Sandy football shakes ‘little brother’ mindset, smothers rival Barlow 28-13

Published 10:45 pm Friday, September 27, 2024

Sandy senior Nick Harrell pulls down the Barlow runner. 

Two interceptions; four sacks; just shy of 200 yards rushing and four touchdowns for your star senior running back.

That is how you not only win, but dominate the latest installment of a football rivalry.

Sandy versus Barlow is always special. But after a 28-13 smothering a Friday night, Sept. 27, in a game that wasn’t as close as that final scoreline implies, only the Pioneers are celebrating.

“Look down at your chests, it says, ‘Sandy,’ this is your field,” Coach Josh Dill roared to his team after the win. “I’m so proud of you guys, you stayed focused and locked in.”

“I love all you guys, great job tonight,” said senior defensive end Jared Scott.

For Barlow (0-4, 0-2 League), junior quarterback Daniel Nelson threw for 160 yards and a TD; sophomore tight end Drew Miller had 2 catches for 107 yards and a TD; and junior running back Caleb Meyer rushed for 70 yards.

For Sandy (2-2, 1-1 League), senior running back Mataio Olomua was electric with 193 yards rushing and 4 TDs; while junior running back Caden McMahon added 63 yards rushing.

“That is what happens when you bring energy and bring that swagger,” Olomua said.

Olomua is a shifty, dancing running back that seems to squirm and claw his way through the tiniest gaps opened by his offensive line.

“They knew we were going to run the ball every play, and they couldn’t stop it,” Coach Dill said. “That is everything for us, our big guys up front and Mataio is just on a different level right now running the ball.”

When it is all clicking, you get something like the magical Pioneers drive in the second quarter that the team will be hanging its hats on for a long time. It was a 6-play, 80-yard scoring drive in which Olomua ran for every play.

“It is absolutely incredible,” Dill said. “He has earned it. He is the guy who is the first in the weight room, never misses practice, and this is the result of four years of hard work.”

Defensively the Pioneers rebounded after giving up a homerun play to the visitors — McMahon and sophomore corner Gio Ruiz-Perez snagged interceptions, and senior defensive lineman Nick Harrell twice enveloped Nelson for the sack.

“Barlow has a pretty balanced attack, so we had to focus on our defensive back play, be in position and do our job,” Dill said.

On the other side of the ball the Bruins also reaped plenty of turnovers.
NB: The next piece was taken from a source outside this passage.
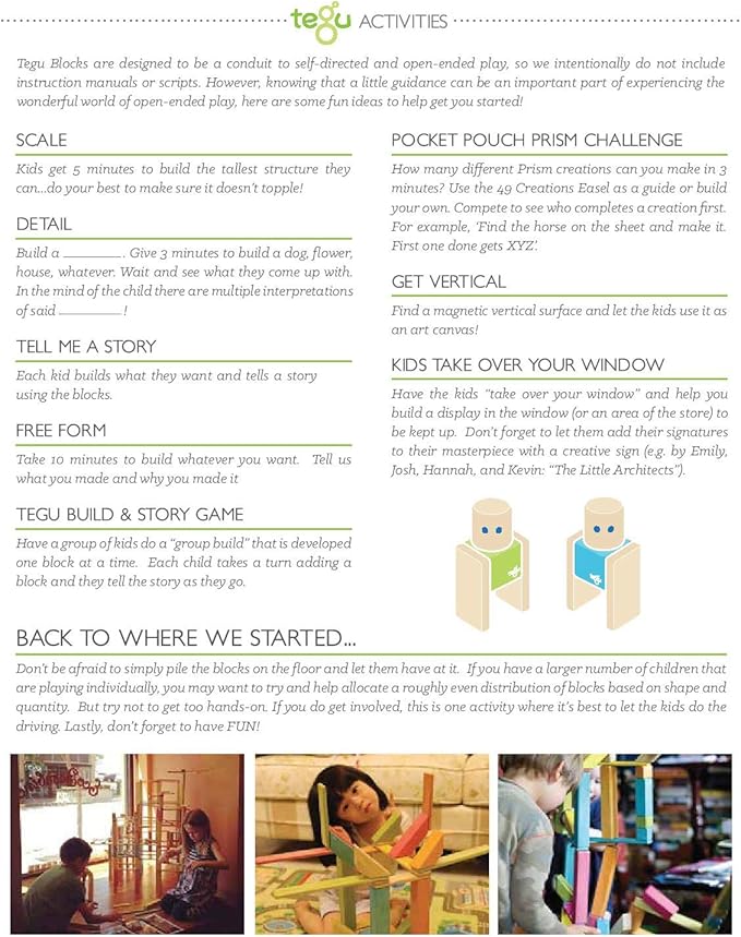 - Tegu is a building system consisting in a series of blocks and shapes appropriate for multiple age groups. It is an open-play manipulative toy with puzzle-like construction abilities

They had four: an interception by Meyer, an interception and fumble recovery by senior linebacker Kellen Collins, and a 50-yard fumble scoop-and-score by senior defensive back Carson Ryder late in the fourth quarter that cut into the lead and kept things from ending too lopsided.

“It was a little ugly down the stretch, turned the ball over a few times, but we just played so physical,” Dill said.

There is no love lost between the schools, especially with echoes of last year, when Barlow pulled an upset stunner on Sandy’s field, throwing the Pioneers seeding out of whack and sending them on a difficult, distant first round loss. The Bruins, meanwhile, danced their way deep into the now-rebranded Columbia Cup.

“We talked about how we built this game up bigger than it is in years past, and for them it’s just been another game, which has been their recipe,” Dill said. “We got too emotional. For us it was about the faceless opponent and doing our job.”

But with the latest win the rivalry is all even at two wins apiece in the last four meetings. And with the victory secured, Sandy can breathe that sigh of relief and celebrate.

“Now it feels so good to win, that is the rival and we have been the little brother for so long,” Dill said.